# INPUT DATA:
--- START ---
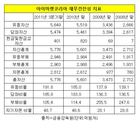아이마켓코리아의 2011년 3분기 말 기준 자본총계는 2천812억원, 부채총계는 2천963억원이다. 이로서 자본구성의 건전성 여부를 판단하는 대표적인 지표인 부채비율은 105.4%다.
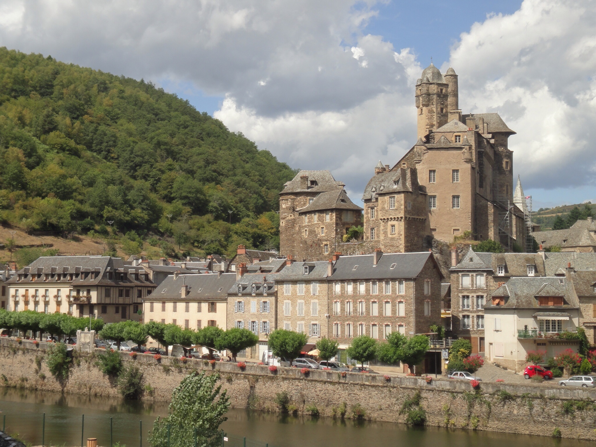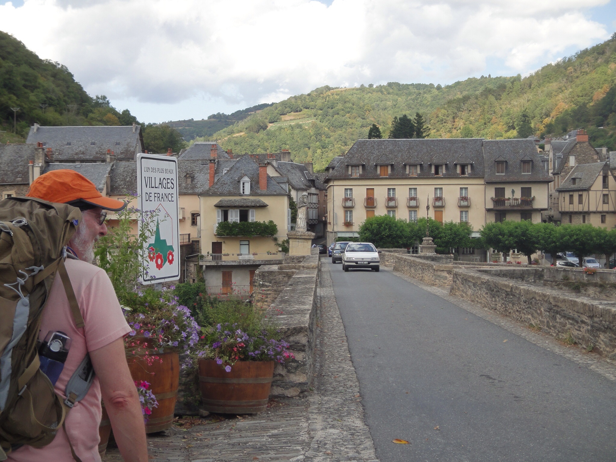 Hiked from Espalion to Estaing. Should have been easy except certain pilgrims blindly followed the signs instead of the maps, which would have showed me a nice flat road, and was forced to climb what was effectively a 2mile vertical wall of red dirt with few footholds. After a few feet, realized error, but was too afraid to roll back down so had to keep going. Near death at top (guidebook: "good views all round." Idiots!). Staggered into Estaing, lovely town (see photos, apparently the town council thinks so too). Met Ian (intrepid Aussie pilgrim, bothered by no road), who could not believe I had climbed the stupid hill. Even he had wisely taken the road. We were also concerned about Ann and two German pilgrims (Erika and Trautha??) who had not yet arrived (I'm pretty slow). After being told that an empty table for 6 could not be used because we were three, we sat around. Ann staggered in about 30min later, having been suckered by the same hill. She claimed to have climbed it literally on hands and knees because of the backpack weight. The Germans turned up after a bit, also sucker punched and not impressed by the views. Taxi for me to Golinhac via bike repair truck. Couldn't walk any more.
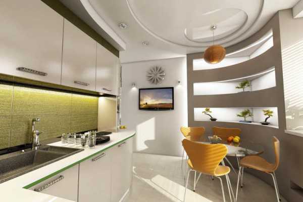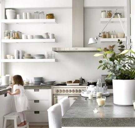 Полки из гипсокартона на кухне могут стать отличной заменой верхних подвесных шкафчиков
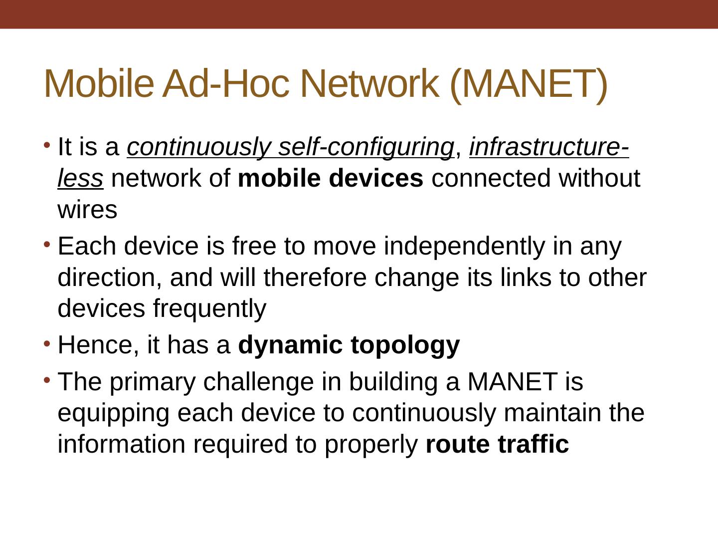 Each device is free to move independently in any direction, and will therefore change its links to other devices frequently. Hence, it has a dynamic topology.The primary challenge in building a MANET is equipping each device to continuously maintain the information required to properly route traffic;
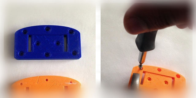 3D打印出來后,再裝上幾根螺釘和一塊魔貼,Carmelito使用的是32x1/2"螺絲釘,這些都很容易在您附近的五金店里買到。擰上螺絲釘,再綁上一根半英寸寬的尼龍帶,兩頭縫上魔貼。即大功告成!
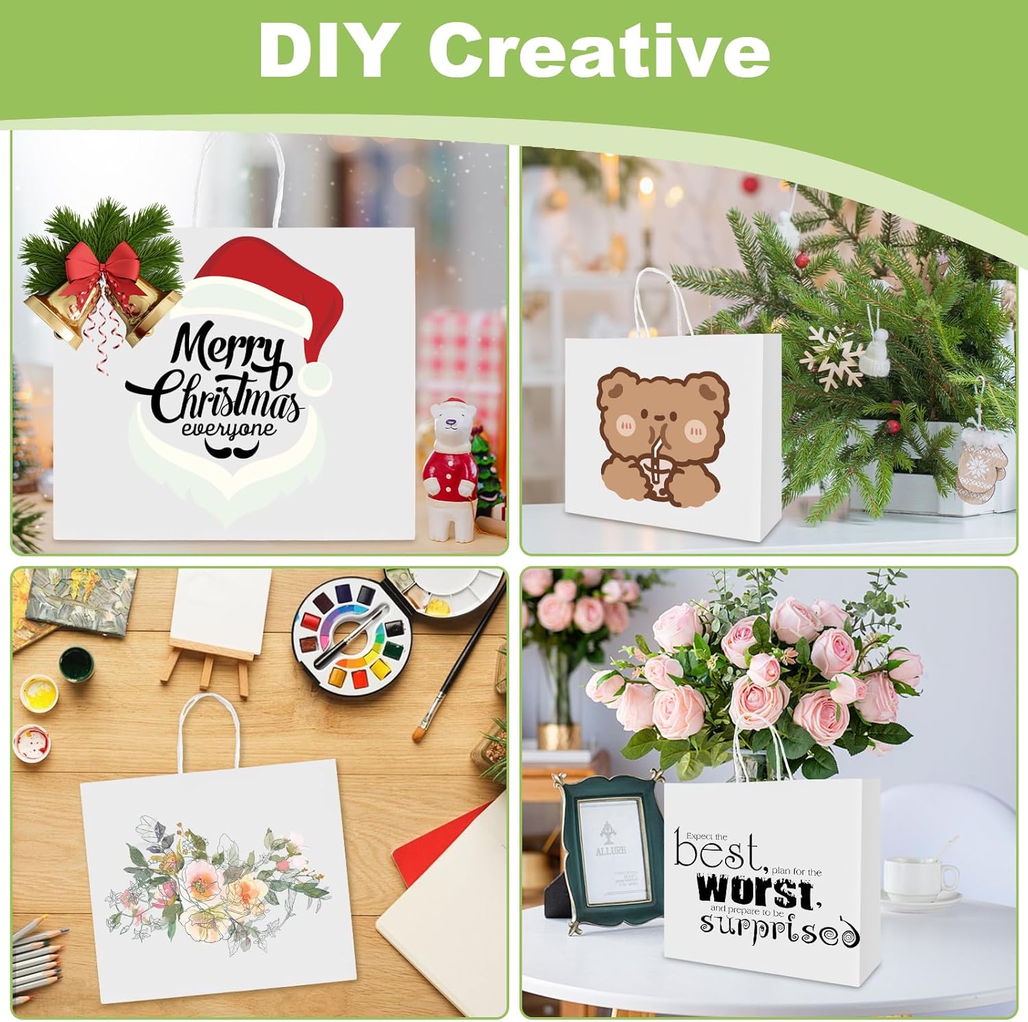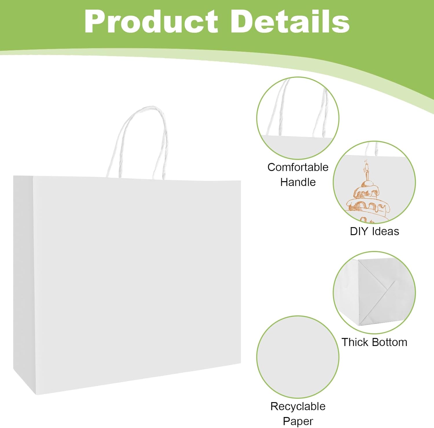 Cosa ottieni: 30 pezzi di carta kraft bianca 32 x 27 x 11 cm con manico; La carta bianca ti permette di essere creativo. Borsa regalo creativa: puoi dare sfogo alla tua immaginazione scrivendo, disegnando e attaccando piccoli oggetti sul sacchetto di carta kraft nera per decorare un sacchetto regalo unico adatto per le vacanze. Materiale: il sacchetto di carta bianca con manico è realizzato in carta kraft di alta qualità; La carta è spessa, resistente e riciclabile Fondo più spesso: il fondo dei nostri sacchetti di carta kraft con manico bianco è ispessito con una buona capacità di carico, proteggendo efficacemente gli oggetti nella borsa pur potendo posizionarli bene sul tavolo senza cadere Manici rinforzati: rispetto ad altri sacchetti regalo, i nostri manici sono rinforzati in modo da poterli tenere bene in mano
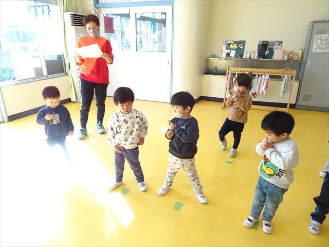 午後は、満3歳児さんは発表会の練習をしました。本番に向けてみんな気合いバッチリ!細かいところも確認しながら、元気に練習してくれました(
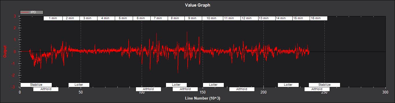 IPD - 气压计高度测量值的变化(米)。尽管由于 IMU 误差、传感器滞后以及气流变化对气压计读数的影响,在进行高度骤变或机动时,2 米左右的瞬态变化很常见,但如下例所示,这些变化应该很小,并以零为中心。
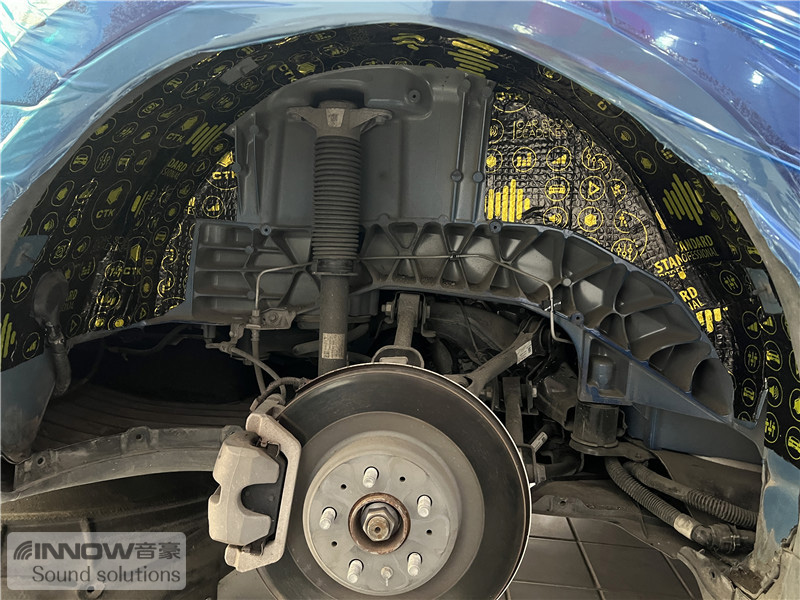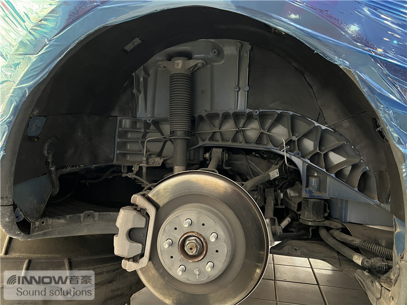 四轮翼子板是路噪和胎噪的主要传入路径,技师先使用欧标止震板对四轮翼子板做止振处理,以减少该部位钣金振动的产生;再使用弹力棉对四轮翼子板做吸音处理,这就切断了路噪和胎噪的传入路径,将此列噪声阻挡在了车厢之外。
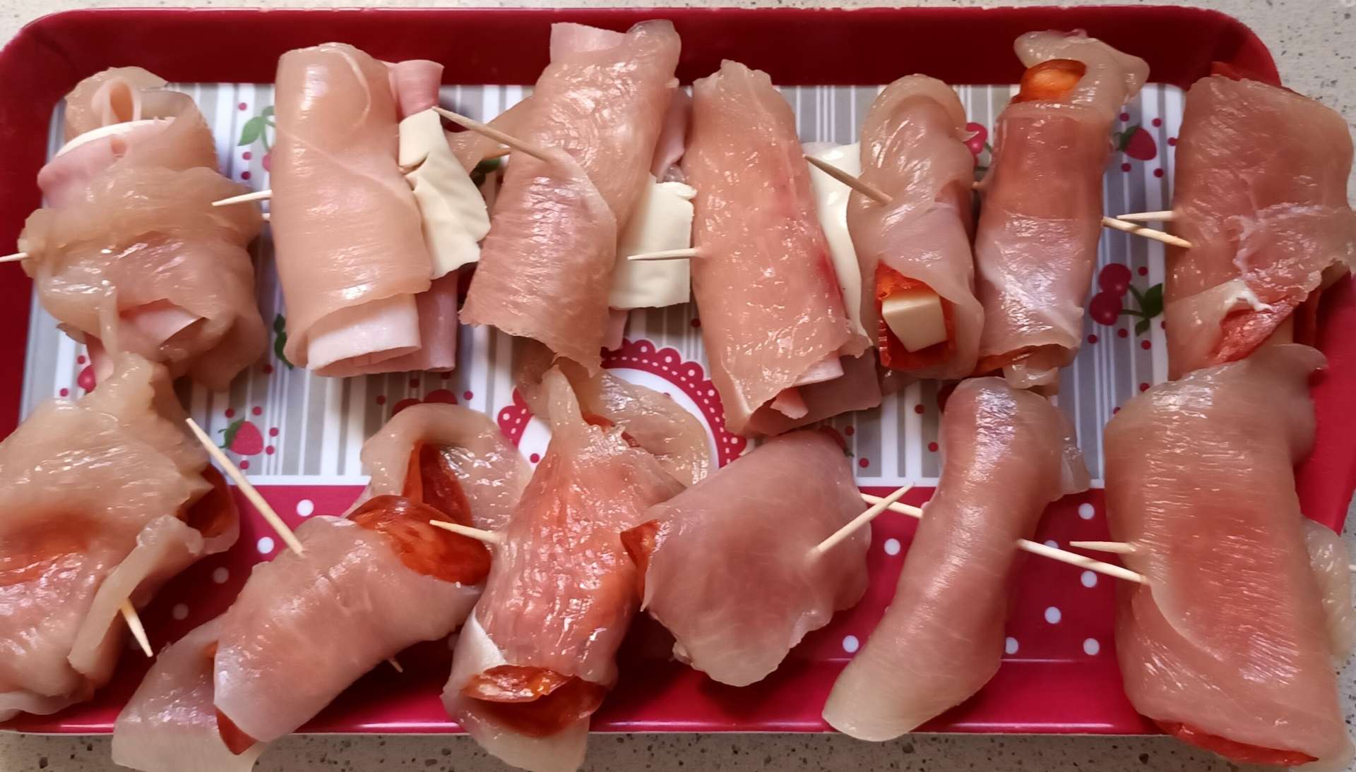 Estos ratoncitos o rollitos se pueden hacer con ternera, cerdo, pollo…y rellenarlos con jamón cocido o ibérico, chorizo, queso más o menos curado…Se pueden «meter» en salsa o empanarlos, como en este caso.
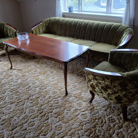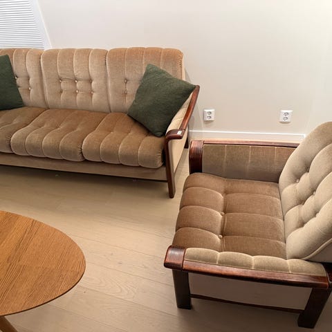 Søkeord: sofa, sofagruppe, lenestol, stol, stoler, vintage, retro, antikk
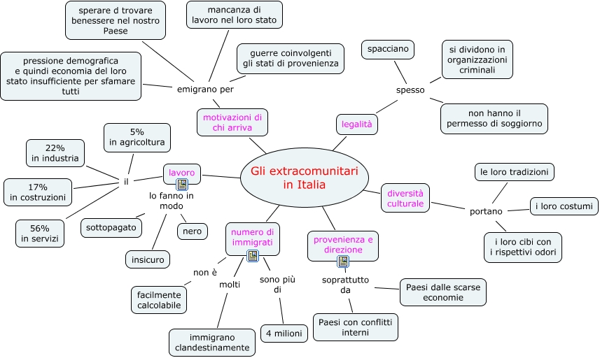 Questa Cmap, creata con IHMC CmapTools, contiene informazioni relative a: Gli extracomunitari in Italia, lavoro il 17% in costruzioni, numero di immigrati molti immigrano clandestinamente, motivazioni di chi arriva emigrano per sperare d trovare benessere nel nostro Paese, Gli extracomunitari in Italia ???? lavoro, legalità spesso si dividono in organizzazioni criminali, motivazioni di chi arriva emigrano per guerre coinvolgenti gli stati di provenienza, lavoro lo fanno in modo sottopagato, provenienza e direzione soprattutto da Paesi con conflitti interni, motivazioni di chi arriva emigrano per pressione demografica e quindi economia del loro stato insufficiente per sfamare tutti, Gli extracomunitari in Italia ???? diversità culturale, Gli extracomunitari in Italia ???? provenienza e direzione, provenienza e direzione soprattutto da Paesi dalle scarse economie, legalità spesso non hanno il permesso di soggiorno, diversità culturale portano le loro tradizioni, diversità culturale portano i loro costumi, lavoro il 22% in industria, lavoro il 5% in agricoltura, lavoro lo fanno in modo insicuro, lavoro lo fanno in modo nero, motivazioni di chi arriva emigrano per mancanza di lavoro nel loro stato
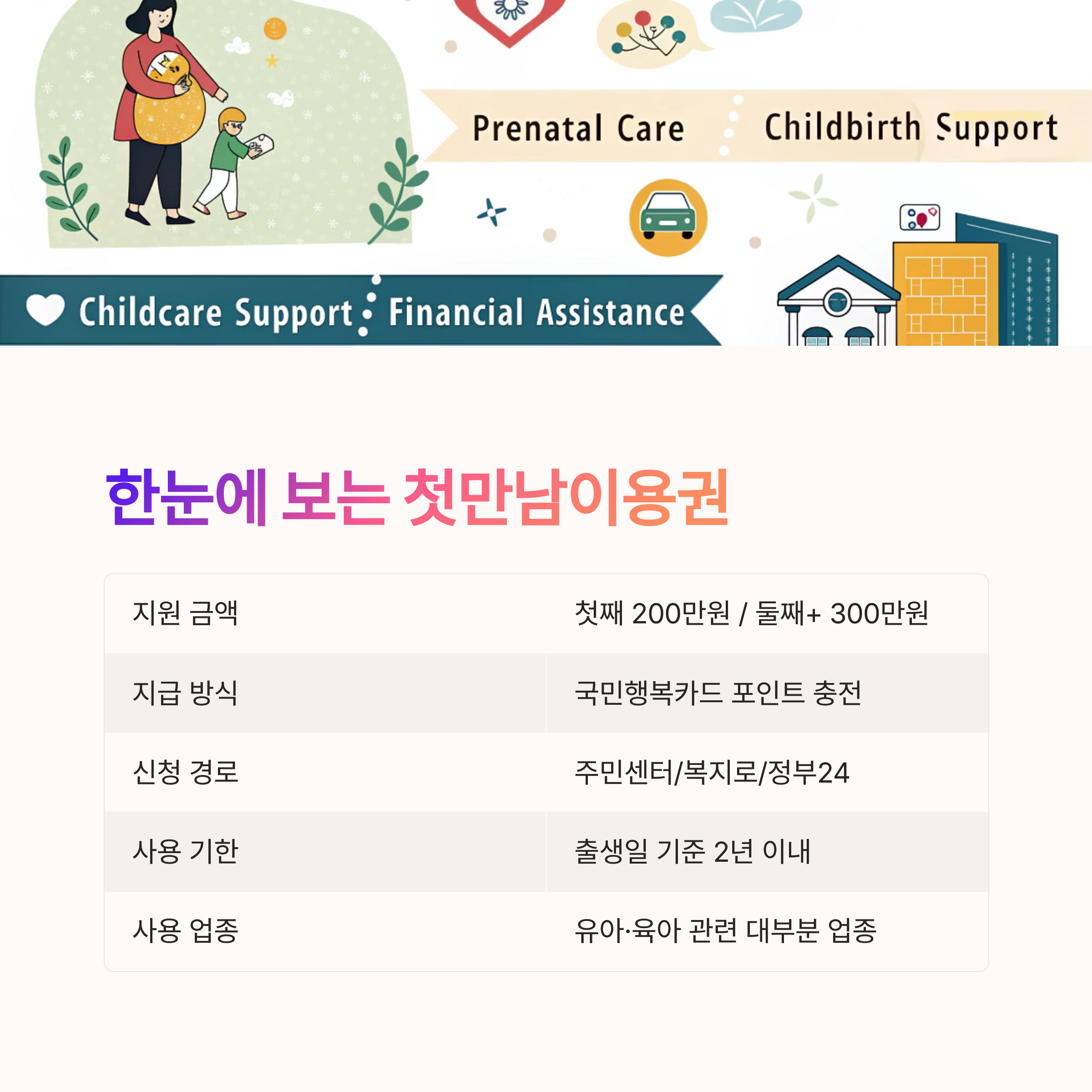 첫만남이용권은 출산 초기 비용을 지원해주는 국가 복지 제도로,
--- END ---
# TASK:
Should a picture appear among the entries above, omit it and repeat everything else exactly.

# REPLY TO THE EXERCISE:
아이마켓코리아의 2011년 3분기 말 기준 자본총계는 2천812억원, 부채총계는 2천963억원이다. 이로서 자본구성의 건전성 여부를 판단하는 대표적인 지표인 부채비율은 105.4%다.
 Hiked from Espalion to Estaing. Should have been easy except certain pilgrims blindly followed the signs instead of the maps, which would have showed me a nice flat road, and was forced to climb what was effectively a 2mile vertical wall of red dirt with few footholds. After a few feet, realized error, but was too afraid to roll back down so had to keep going. Near death at top (guidebook: "good views all round." Idiots!). Staggered into Estaing, lovely town (see photos, apparently the town council thinks so too). Met Ian (intrepid Aussie pilgrim, bothered by no road), who could not believe I had climbed the stupid hill. Even he had wisely taken the road. We were also concerned about Ann and two German pilgrims (Erika and Trautha??) who had not yet arrived (I'm pretty slow). After being told that an empty table for 6 could not be used because we were three, we sat around. Ann staggered in about 30min later, having been suckered by the same hill. She claimed to have climbed it literally on hands and knees because of the backpack weight. The Germans turned up after a bit, also sucker punched and not impressed by the views. Taxi for me to Golinhac via bike repair truck. Couldn't walk any more.
 Полки из гипсокартона на кухне могут стать отличной заменой верхних подвесных шкафчиков
 Each device is free to move independently in any direction, and will therefore change its links to other devices frequently. Hence, it has a dynamic topology.The primary challenge in building a MANET is equipping each device to continuously maintain the information required to properly route traffic;
 3D打印出來后,再裝上幾根螺釘和一塊魔貼,Carmelito使用的是32x1/2"螺絲釘,這些都很容易在您附近的五金店里買到。擰上螺絲釘,再綁上一根半英寸寬的尼龍帶,兩頭縫上魔貼。即大功告成!
 Cosa ottieni: 30 pezzi di carta kraft bianca 32 x 27 x 11 cm con manico; La carta bianca ti permette di essere creativo. Borsa regalo creativa: puoi dare sfogo alla tua immaginazione scrivendo, disegnando e attaccando piccoli oggetti sul sacchetto di carta kraft nera per decorare un sacchetto regalo unico adatto per le vacanze. Materiale: il sacchetto di carta bianca con manico è realizzato in carta kraft di alta qualità; La carta è spessa, resistente e riciclabile Fondo più spesso: il fondo dei nostri sacchetti di carta kraft con manico bianco è ispessito con una buona capacità di carico, proteggendo efficacemente gli oggetti nella borsa pur potendo posizionarli bene sul tavolo senza cadere Manici rinforzati: rispetto ad altri sacchetti regalo, i nostri manici sono rinforzati in modo da poterli tenere bene in mano
 午後は、満3歳児さんは発表会の練習をしました。本番に向けてみんな気合いバッチリ!細かいところも確認しながら、元気に練習してくれました(
 IPD - 气压计高度测量值的变化(米)。尽管由于 IMU 误差、传感器滞后以及气流变化对气压计读数的影响,在进行高度骤变或机动时,2 米左右的瞬态变化很常见,但如下例所示,这些变化应该很小,并以零为中心。
 四轮翼子板是路噪和胎噪的主要传入路径,技师先使用欧标止震板对四轮翼子板做止振处理,以减少该部位钣金振动的产生;再使用弹力棉对四轮翼子板做吸音处理,这就切断了路噪和胎噪的传入路径,将此列噪声阻挡在了车厢之外。
 Estos ratoncitos o rollitos se pueden hacer con ternera, cerdo, pollo…y rellenarlos con jamón cocido o ibérico, chorizo, queso más o menos curado…Se pueden «meter» en salsa o empanarlos, como en este caso.
 Søkeord: sofa, sofagruppe, lenestol, stol, stoler, vintage, retro, antikk
 Questa Cmap, creata con IHMC CmapTools, contiene informazioni relative a: Gli extracomunitari in Italia, lavoro il 17% in costruzioni, numero di immigrati molti immigrano clandestinamente, motivazioni di chi arriva emigrano per sperare d trovare benessere nel nostro Paese, Gli extracomunitari in Italia ???? lavoro, legalità spesso si dividono in organizzazioni criminali, motivazioni di chi arriva emigrano per guerre coinvolgenti gli stati di provenienza, lavoro lo fanno in modo sottopagato, provenienza e direzione soprattutto da Paesi con conflitti interni, motivazioni di chi arriva emigrano per pressione demografica e quindi economia del loro stato insufficiente per sfamare tutti, Gli extracomunitari in Italia ???? diversità culturale, Gli extracomunitari in Italia ???? provenienza e direzione, provenienza e direzione soprattutto da Paesi dalle scarse economie, legalità spesso non hanno il permesso di soggiorno, diversità culturale portano le loro tradizioni, diversità culturale portano i loro costumi, lavoro il 22% in industria, lavoro il 5% in agricoltura, lavoro lo fanno in modo insicuro, lavoro lo fanno in modo nero, motivazioni di chi arriva emigrano per mancanza di lavoro nel loro stato
 첫만남이용권은 출산 초기 비용을 지원해주는 국가 복지 제도로,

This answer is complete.